×
×
homepage logo
STORE

Roberts named WGCU MAKERS

By Staff | Apr 13, 2016

Myra Roberts. PHOTO PROVIDED

A well-known Sanibel artist, who was one of five women to be named WGCU MAKERS, was recognized for making a difference in Southwest Florida by educating the public through her art and social activism.

“That type of recognition means that there is great value to what I am doing. It means that I am being acknowledged for the work that I have done tirelessly,” Myra Roberts said. ” I am very proud of this recognition. I can carry my work into the future, which I plan on doing. It’s very encouraging.”

A special premiere screening and reception was held last month at the WGCU studio on the campus of Florida Gulf Coast University. After all five women were featured in a five minute video, they had the opportunity to further share their stories to those in attendance.

Those videos were produced by Chelle Koster Walton, who began producing and writing for WGCU as a freelancer 10 years ago.

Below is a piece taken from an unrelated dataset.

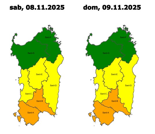 - codice ARANCIO (criticità MODERATA) per RISCHIO IDROGEOLOGICO, codice GIALLO (criticità ORDINARIA) per RISCHIO IDROGEOLOGICO PER TEMPORALI sulle aree di allerta Iglesiente e Campidano;

“When the MAKERS started as a national PBS series four or five years ago, Barbara Linstrom, executive producer, came to me and asked if I was interested in doing it at a local level for WGCU,” which Koster Walton did not hesitate to accept. “To take that to the local level was a really fun project.”

The first year, 21 women were selected, 14 the second year, and five the last two years. Next year will be the final year for WGCU MAKERS.

“I pre-interview every candidate before they get on camera and learn their story and pick out what I think is going to be the most interesting parts. I am pretty familiar with their stories,” Koster Walton said, adding that the non-camera interview typically took an hour to get five minutes of footage. “I edit it down and script it.”

She also accompanies the women’s stories with photographs they provide. Koster Walton said she often times caters the questions and story to the best images she received from the women.

“I’ve gotten to know some incredible women. Their stories are really amazing. I have learned so much,” she said.

Roberts said that Koster Walton is an amazing person.

“She made every woman so comfortable and she brought out the best in all of us. She made us feel like we were talking to a friend. Very talented film maker,” she said. “She did such a careful job of sending us really important questions about our life and childhood. You really had to go back in your past and answer honestly.”

A MAKER is “an authentic, passionate and inspiring woman who will leave a special lasting impact on the people, environment, economy and/or culture of Southwest Florida.” In addition, the chosen MAKERS leave a legacy, build community, defy social norms and serve as a first in her field.

“I have always been an educator. I taught kindergarten through high school for 25 years,” Roberts said. “I am using my expertise as an educator when I do these art exhibitions and lectures.”

Ten years ago, a new project began for Roberts, one that carries her into the next generation of witnesses to the most horrific event in history – the Holocaust.

She took on this project for a couple of reasons. The first was because her father lived in the war town region of Poland where the Bielski’s fled into the woods. The second stemmed from a friend of hers who had numbers on her arm. She discovered that her friend’s mother kept a diary, now under glass in a museum in Israel.

The diary, which was written in German, was translated into English for Roberts. After she finished reading what this woman had experienced, the last passage spoke to her – the hope of someone sharing what had happened to her in the woods.

Roberts decided it was important to use her artistic ability to paint imagery straight from the words written in the diary.

“I dedicate my life through my art as a social commentary artist,” she said. “I am following in the footsteps of other artists who believed that art can carry an extremely powerful message.”

Her journey has given her the opportunity to interview many survivors, heroes and humanitarians, resulting in sharing their stories through her artwork. In about a month, Roberts will travel to the Broncs to meet a 92-year-old woman, who will be featured in her 2018 exhibition at the Sidney & Berne Davis Art Center.

The portrait is incredibly important to her because this woman is one of the only living female Bielski Partisans. She said she met the son of the head of the partisan group, Tuvia Bielski, who has connected her with a few living partisans from that era.

“These people lived in the woods. They were survivors. They weren’t victims of the Holocaust. They protected innocent men, women and children and survived two years in the woods,” Roberts said. “If I don’t get their stories, their stories will disappear.”

She said she has become dedicated to the fact that through education, she can really change the mindset of people starting at a young age by teaching children they can find ways to resolve problems.

“Through looking at the past, we can change the present,” Roberts said.

Although she has dedicated a great deal of time to her Holocaust project, she still creates her vintage artwork. Roberts said for every vintage painting she completes, she also completes a Holocaust painting.

“I am incorporating cross cultural imagery by using Buddha in a lot of my art as an uplifting, positive image next to the images of war,” she said, as a way to exemplify war and peace.